Der türkische Präsident Recep Tayyip Erdogan hat eine mangelnde Solidarität westlicher Staaten nach dem Putschversuch beklagt. Länder, die sich mehr um das Schicksal der Putschisten als um die türkische Demokratie sorgten, könnten keine Freunde sein, sagte der islamisch-konservative Politiker am Freitagabend vor Hunderten Anhängern im Präsidentenpalast in Ankara.
Das Verhalten vieler Länder und ihrer Politiker sei beschämend. Die westlichen Verbündeten der Türkei haben den Putschversuch verurteilt, sind aber überrascht, wie stark die Regierung gegen mutmaßliche Beteiligte vorgeht. Zehntausende Soldaten, Polizisten, Beamte oder Lehrer sind suspendiert, entlassen oder verhaftet worden.
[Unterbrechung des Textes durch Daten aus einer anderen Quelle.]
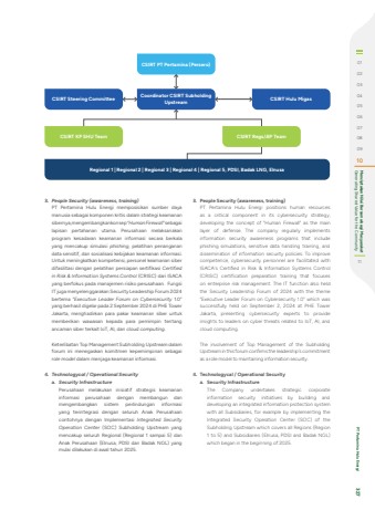 CSIRT PT Pertamina (Persero)CSIRT Steering Committee Coordinator CSIRT Subholding Upstream CSIRT Hulu MigasCSIRT KP SHU Team CSIRT Regs/AP TeamRegional 1 | Regional 2 | Regional 3 | Regional 4 | Regional 5, PDSI, Badak LNG, Elnusa3. People Security (awareness, training)PT Pertamina Hulu Energi memposisikan sumber daya manusia sebagai komponen kritis dalam strategi keamanan sibernya, mengembangkan konsep %u201cHuman Firewall%u201d sebagai lapisan pertahanan utama. Perusahaan melaksanakan program kesadaran keamanan informasi secara berkala yang mencakup simulasi phishing, pelatihan penanganan data sensitif, dan sosialisasi kebijakan keamanan informasi. Untuk meningkatkan kompetensi, personel keamanan siber difasilitasi dengan pelatihan persiapan sertifikasi Certified in Risk & Information Systems Control (CRISC) dari ISACA yang berfokus pada manajemen risiko perusahaan. Fungsi IT juga menyelenggarakan Security Leadership Forum 2024 bertema %u201cExecutive Leader Forum on Cybersecurity 1.0%u201d yang berhasil digelar pada 2 September 2024 di PHE Tower Jakarta, menghadirkan para pakar keamanan siber untuk memberikan wawasan kepada para pemimpin tentang ancaman siber terkait IoT, AI, dan cloud computing.Keterlibatan Top Management Subholding Upstream dalam forum ini menegaskan komitmen kepemimpinan sebagai role model dalam menjaga keamanan informasi. 4. Technologycal / Operational Securitya. Security InfrastructurePerusahaan melakukan inisiatif strategis keamanan informasi perusahaan dengan membangun dan mengembangkan sistem perlindungan informasi yang terintegrasi dengan seluruh Anak Perusahaan contohnya dengan Implementasi Integrated Security Operation Center (SOC) Subholding Upstream yang mencakup seluruh Regional (Regional 1 sampai 5) dan Anak Perusahaan (Elnusa, PDSI dan Badak NGL) yang mulai dilakukan di awal tahun 2025.3. People Security (awareness, training)PT Pertamina Hulu Energi positions human resources as a critical component in its cybersecurity strategy, developing the concept of \layer of defense. The company regularly implements information security awareness programs that include phishing simulations, sensitive data handling training, and dissemination of information security policies. To improve competence, cybersecurity personnel are facilitated with ISACA's Certified in Risk & Information Systems Control (CRISC) certification preparation training that focuses on enterprise risk management. The IT function also held the Security Leadership Forum of 2024 with the theme \successfully held on September 2, 2024 at PHE Tower Jakarta, presenting cybersecurity experts to provide insights to leaders on cyber threats related to IoT, AI, and cloud computing.The involvement of Top Management of the Subholding Upstream in this forum confirms the leadership's commitment as a role model to maintaining information security.4. Technologycal / Operational Securitya. Security InfrastructureThe Company undertakes strategic corporate information security initiatives by building and developing an integrated information protection system with all Subsidiaries, for example by implementing the Integrated Security Operation Center (SOC) of the Subholding Upstream which covers all Regions (Region 1 to 5) and Subsidiaries (Elnusa, PDSI and Badak NGL) which began in the beginning of 2025.01020304050607080910Generating Shared Value for the Community Menciptakan Nilai Bersama bagi Masyarakat11 PT Pertamina Hulu Energi 327
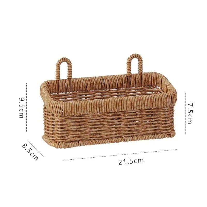 Materiál tvoří plast v imitaci PP ratanu, který napodobuje vzhled klasického pleteného košíku. Tento materiál je lehký a zároveň dostatečně pevný pro každodenní používání. Díky tomu si košík zachovává svůj tvar i při časté manipulaci. Rozměry 7,5 × 21,5 × 8,5 × 9,5 cm zajišťují praktické využití pro drobnosti, které chcete mít stále po ruce.
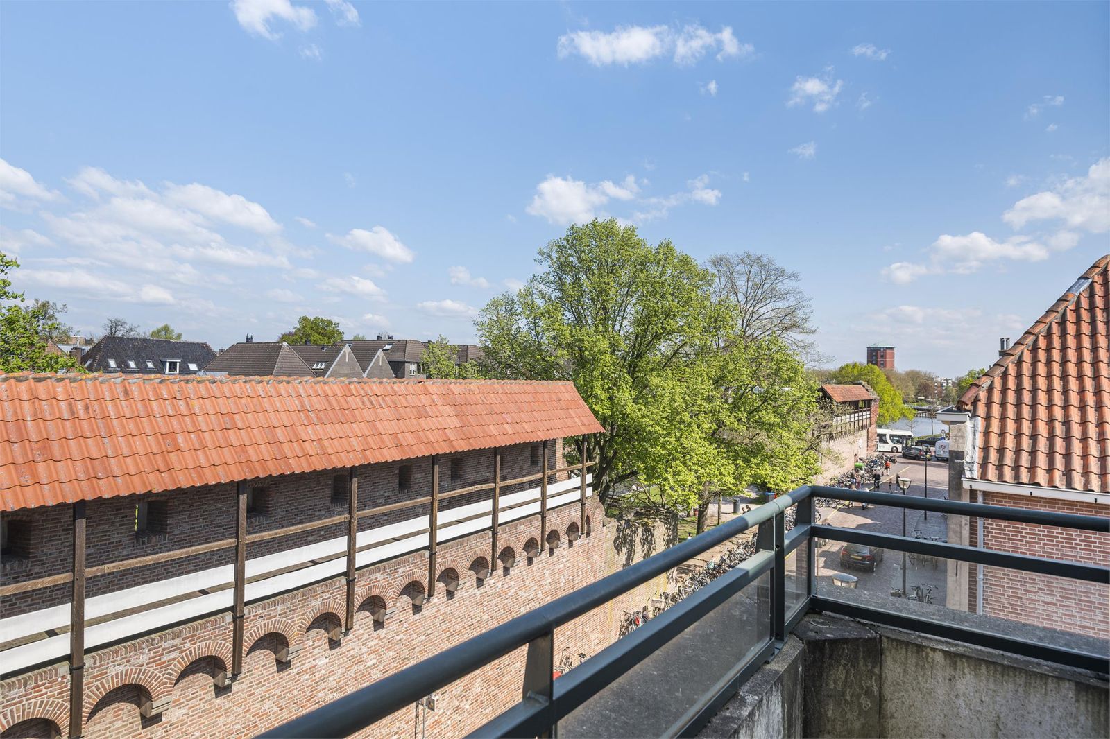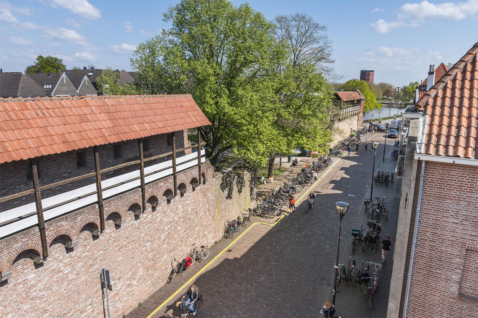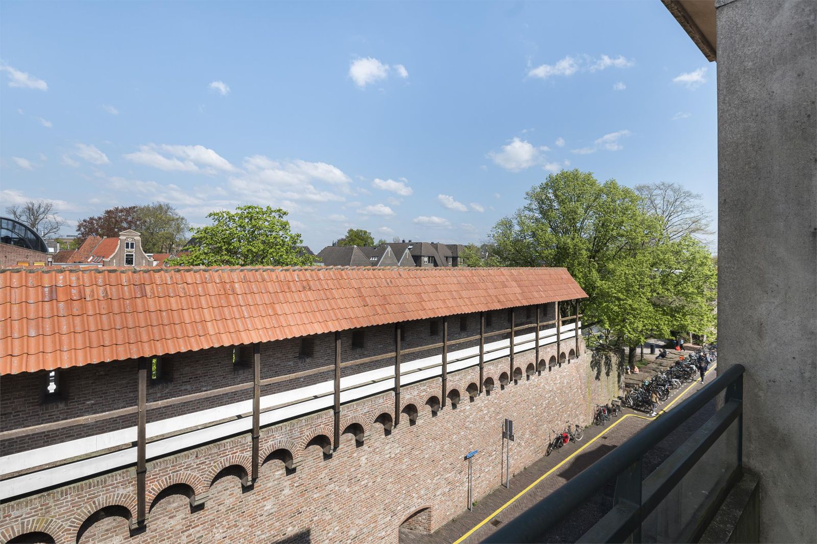 Bij binnenkomst valt meteen de royale woonkamer op, met grote ramen die zorgen voor veel natuurlijk licht en een fraai uitzicht op de karakteristieke stadsmuur. De moderne open keuken sluit hier naadloos op aan en is van alle gemakken voorzien – ideaal voor gezellige diners of borrels met vrienden.

Ihnen werden Verbindungen zu Erdogans Rivalen Fethullah Gülen vorgeworfen. Der Staatschef wirft dem in den USA lebenden Prediger vor, hinter dem Putsch zu stecken. Gülen hat dies zurückgewiesen. Kritiker werfen Erdogan vor, den gescheiterten Staatsstreich zu nutzen, um gegen Regierungskritiker vorzugehen.
"Einmalige Geste"
In seiner Rede kündigte Erdogan am Freitag auch an, alle Beleidigungsklagen zurückzunehmen. Hintergrund sei das Gefühl, dass die Gesellschaft nach dem gescheiterten Putsch zusammenstehe. Demnach handelt es sich um eine einmalige Geste. Unklar war zunächst, ob Erdogan auch Anzeigen im Ausland zurücknehmen will.
Nach der Veröffentlichung eines Schmähgedichtes über Erdogan durch Jan Böhmermann ermittelt die Staatsanwaltschaft Mainz gegen den Satiriker wegen des Verdachts auf Beleidigung eines ausländischen Staatsoberhauptes. Das Landgericht Hamburg hatte ihm bereits im Mai verboten, große Teile des Gedichtes zu wiederholen. Erdogans Anwalt will das Werk komplett verbieten lassen. Die Affäre hat die Beziehungen zwischen Deutschland und der Türkei belastet.
In dem Nato-Staat selbst drohen bei einer Beleidigung des Präsidenten bis zu vier Jahre Haft. Vor dem Amtsantritt Erdogans 2014 wurde das entsprechende Gesetz kaum angewandt. Seitdem gibt es jedoch etliche Verfahren, etwa gegen Karikaturisten, Journalisten und auch Jugendliche.